> _To do_: Set the data down exactly as it stands, and keep its pictures out.

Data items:
= Beginning of Section =

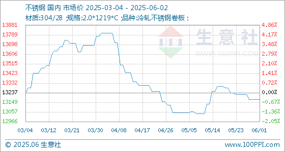 6月2日,生意社不锈钢基准价为13175.00元/吨,与本月初持平。
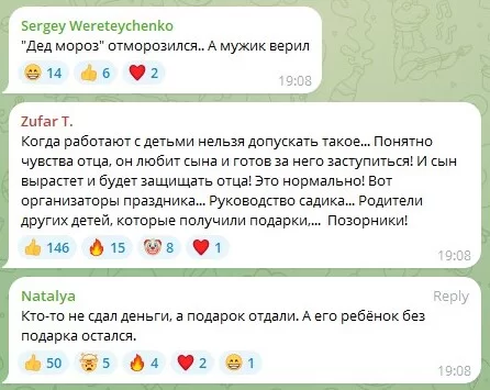 «Чисто по-человечески отец прав — ребёнку обидно. Однако именно взрослый должен показать пример того, как решать проблемы. А можно было спокойно сказать ребёнку, что дедушка старенький, заблудился, и оставил подарок в группе», — пишут одни.
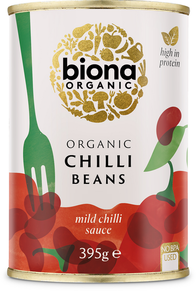 Biona Luomu Chilipapu punainen kidneypapu chilikastikkeessa 395g
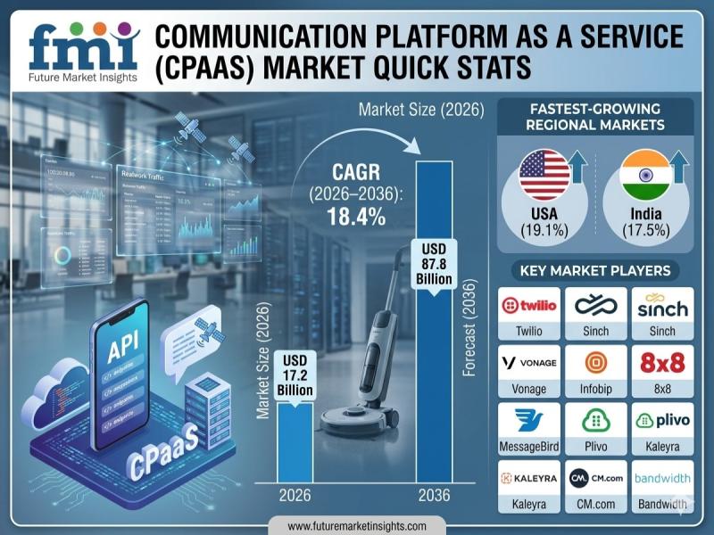 The global Communication Platform as a Service (CPaaS) market is entering a hyper-growth phase as enterprises accelerate the integration of voice, messaging, and video into digital applications and customer engagement workflows. Valued at USD 17.2 billion in 2026, the market is projected to reach USD 87.8 billion by 2036, expanding at a robust CAGR of 18.4%.
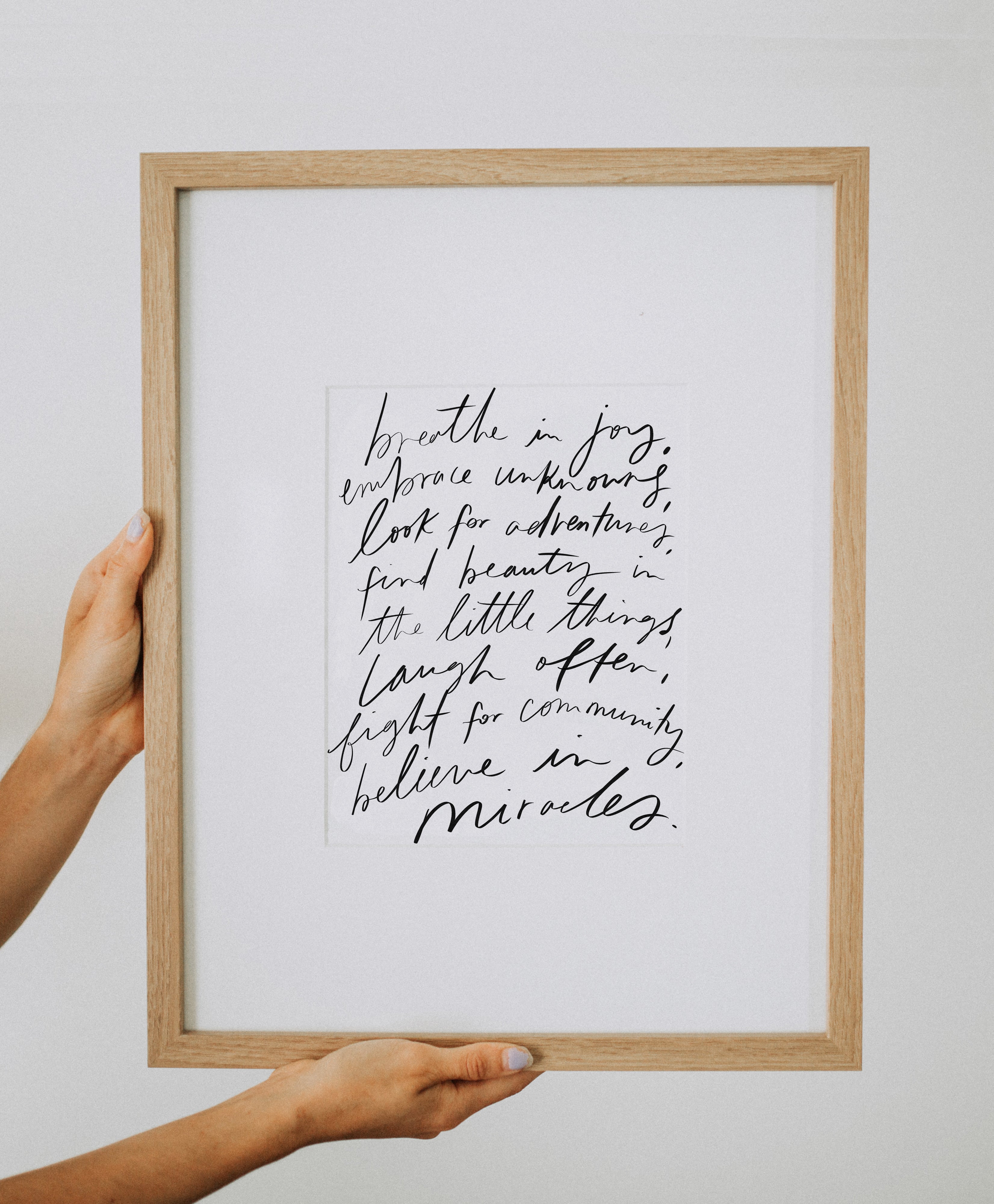 "Breathe in joy, embrace unknowns, look for adventures, find beauty in the little things, laugh often, fight for community, believe in miracles"
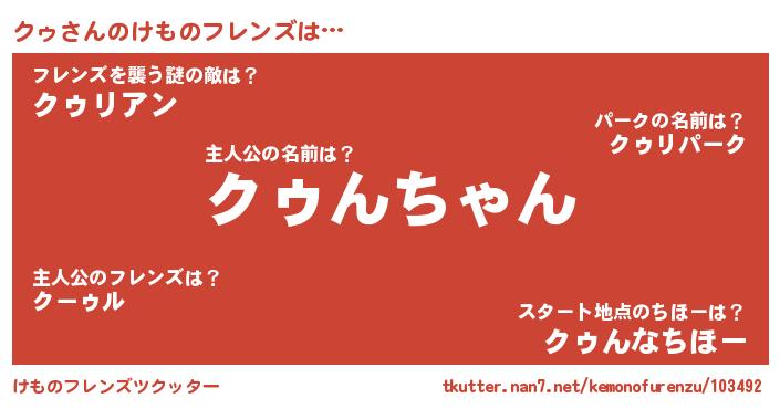| ヒーロー風カッコイイあだ名 | 『スーパークゥ』『正義の使者クゥ』 |

= End of Section =

> _Task result_:
 6月2日,生意社不锈钢基准价为13175.00元/吨,与本月初持平。
 «Чисто по-человечески отец прав — ребёнку обидно. Однако именно взрослый должен показать пример того, как решать проблемы. А можно было спокойно сказать ребёнку, что дедушка старенький, заблудился, и оставил подарок в группе», — пишут одни.
 Biona Luomu Chilipapu punainen kidneypapu chilikastikkeessa 395g
 The global Communication Platform as a Service (CPaaS) market is entering a hyper-growth phase as enterprises accelerate the integration of voice, messaging, and video into digital applications and customer engagement workflows. Valued at USD 17.2 billion in 2026, the market is projected to reach USD 87.8 billion by 2036, expanding at a robust CAGR of 18.4%.
 "Breathe in joy, embrace unknowns, look for adventures, find beauty in the little things, laugh often, fight for community, believe in miracles"
| ヒーロー風カッコイイあだ名 | 『スーパークゥ』『正義の使者クゥ』 |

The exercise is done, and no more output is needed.